YOUR GOAL – Your answer must be the lines from the one containing "Badlands Ranch Superfood" through the last line below, copied exactly, with no pictures.

AVAILABLE DATA –
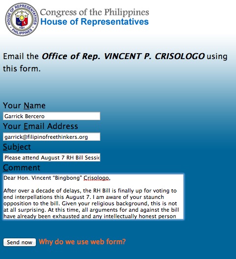 Filipino Freethinkers calls on Filipinos to contact their representatives in Congress to be present on August 7, when the House of Representatives votes to end debate on the Reproductive Health Bill (HB 4244). It is likely that many opposing congressmen will skip work on that day in order to avoid quorum and prevent any congressional procedures. If the period of sponsorship and debate ends on August 7, the bill will enter the period of amendments and, eventually, it will be voted on for third reading before final passage.
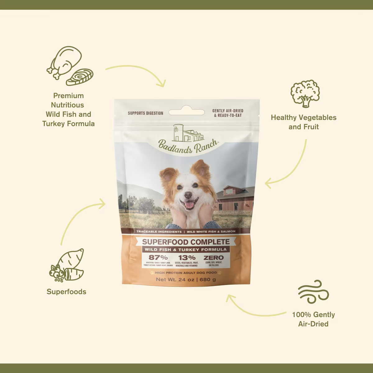 Badlands Ranch Superfood Complete Grain-Free Wild Fish & Turkey Air-Dried Dog Food, 24-oz bag
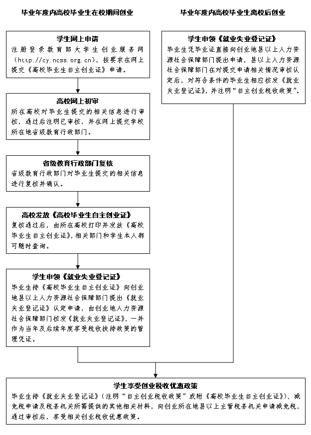 (二)毕业年度内高校毕业生在校期间创业的,可持《高校毕业生自主创业证》向创业地县以上人力资源和社会保障部门提出认定申请,由创业地人力资源和社会保障部门核发《就业失业登记证》,一并作为当年及后续年度享受创业税收扶持政策的管理凭证。毕业年度内高校毕业生离校后创业的,可凭毕业证书直接向创业地县以上人力资源社会保障部门提出认定申请。县以上人力资源社会保障部门在对有关情况审核认定后,对符合条件毕业生核发《就业失业登记证》,并注明“自主创业税收政策”。
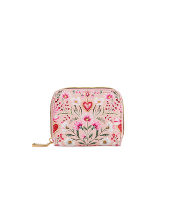 Carry a whisper of romance with our Penelope Pink Floral Heart Small Purse. Adorned with joyful blooms and tender heart detailing, this pastel pink treasure brings a soft shimmer of gold-tone charm to your everyday moments. Inside, thoughtfully arranged pockets and card slots keep your little essentials neatly tucked away.

ANSWER FOR THIS EXERCISE –
 Badlands Ranch Superfood Complete Grain-Free Wild Fish & Turkey Air-Dried Dog Food, 24-oz bag
 (二)毕业年度内高校毕业生在校期间创业的,可持《高校毕业生自主创业证》向创业地县以上人力资源和社会保障部门提出认定申请,由创业地人力资源和社会保障部门核发《就业失业登记证》,一并作为当年及后续年度享受创业税收扶持政策的管理凭证。毕业年度内高校毕业生离校后创业的,可凭毕业证书直接向创业地县以上人力资源社会保障部门提出认定申请。县以上人力资源社会保障部门在对有关情况审核认定后,对符合条件毕业生核发《就业失业登记证》,并注明“自主创业税收政策”。
 Carry a whisper of romance with our Penelope Pink Floral Heart Small Purse. Adorned with joyful blooms and tender heart detailing, this pastel pink treasure brings a soft shimmer of gold-tone charm to your everyday moments. Inside, thoughtfully arranged pockets and card slots keep your little essentials neatly tucked away.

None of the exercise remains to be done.